Rus yasaları, kişilere, yalnız olmaları, herhangi bir grup halinde olmamaları ve yönetimi hedef alan sloganlar olmadığı müddetçe gösteri düzenlemelerine izin veriyor. Ancak Celal, bu davada eylemcilerin sistematik ve ortak bir tavırla protesto yapmakla ve bireysel protestoları “haklarını kötüye kullanmak” ile suçlandıklarını belirtti.
Ukrayna Dışişleri Bakanlığı sözcüsü Mariana Betsa sosyal paylaşım sitesi Twitter’da, işgal altındaki Kırım mahkemelerini açık bir şekilde kınadığını ifade eden bir paylaşımda bulundu. Betsa, Rusya, “yerli halkı kırmayı, bastırmayı ve yok etmeyi hedefliyor” dedi.

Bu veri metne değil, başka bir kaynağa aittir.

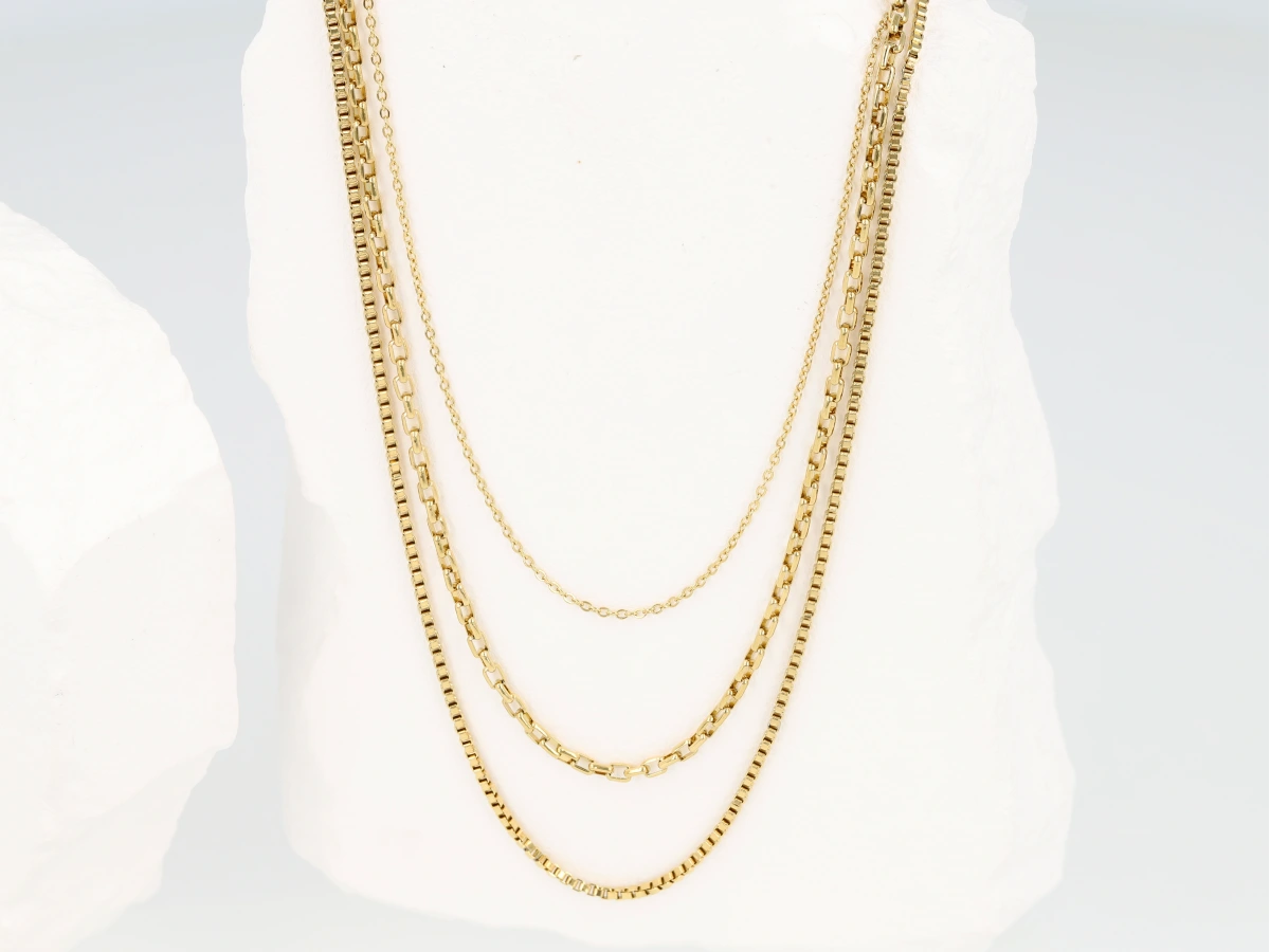 Naszyjnik potrójny z trzech łańcuszków, wykonany z wysokiej jakości stali nierdzewnej 316 L.
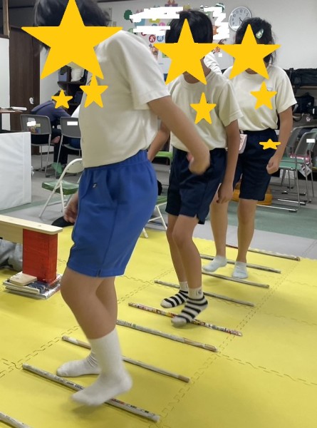 下をくぐる場面では、大型の職員が挑戦しましたが上手くいかず、それを見たお子様が「僕がやってみせるよ」と見本になってくれました。自分の身体の隅々まで意識する動きです。
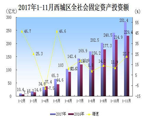1-11月西城区全社会固定资产投资完成281.4亿元
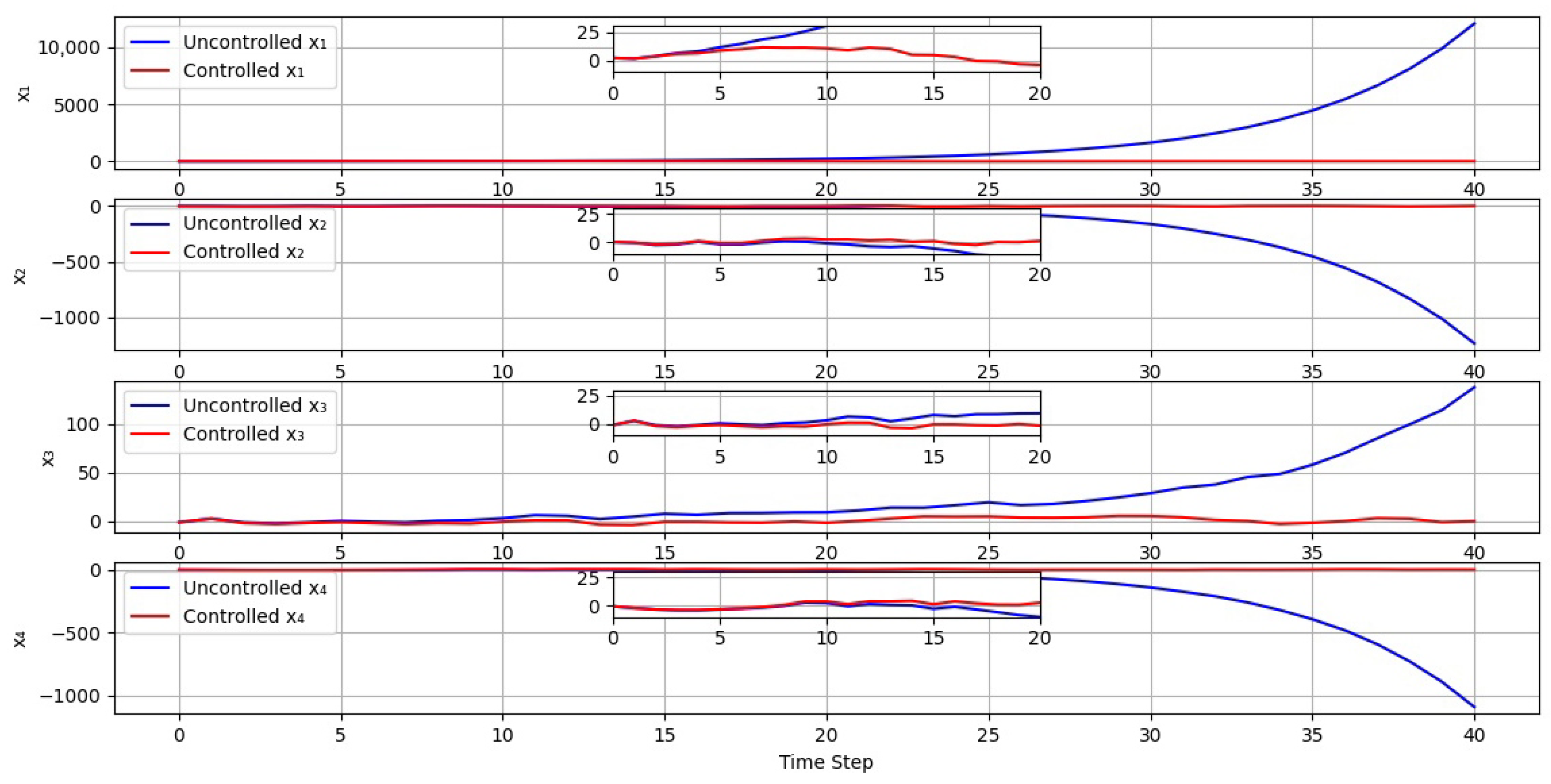 Compute optimal control (Equation ( 22)) Update state (Equation ( 1)), where - 10:

Yargılamalar, bölgenin başkenti Simferopol’ün yanı sıra Alushta, Belogorsk, Dzhankoy, Sudak, ve Kirovsky şehirleri ile Krasnogvardeysky ve Sovetsky ilçeleri de dahil olmak üzere Rusya işgali altındaki Kırım yarımadasının çeşitli yerlerinde yapılıyor.
Tüm aktivistler, 14 Ekim’deki tek kişilik protestolara katılmaları nedeniyle “toplantı düzenleme ve gerçekleştirme prosedürünü ihlal etmek” ile suçlanıyor. 14 Ekim’de onlarca Kırımlı Tatar aktivist, insan haklarına saygı gösterilmesini talep etmek ve Rusya’nın kendilerine yönelik misillemelerini ifşa etmek için sokaklara çıktı. Polis memurları bu tek kişilik protestoları “izinsiz kitlesel gösteri” olarak değerlendirdi.
Daha önce mahkum edilenlere 10.000 ruble (170 Amerikan Doları) para cezası verildi ve bu, aylık ortalama ücretin 24.000 ruble (410 Amerikan Doları) olduğu bir bölgede çok yüksek bir tutar.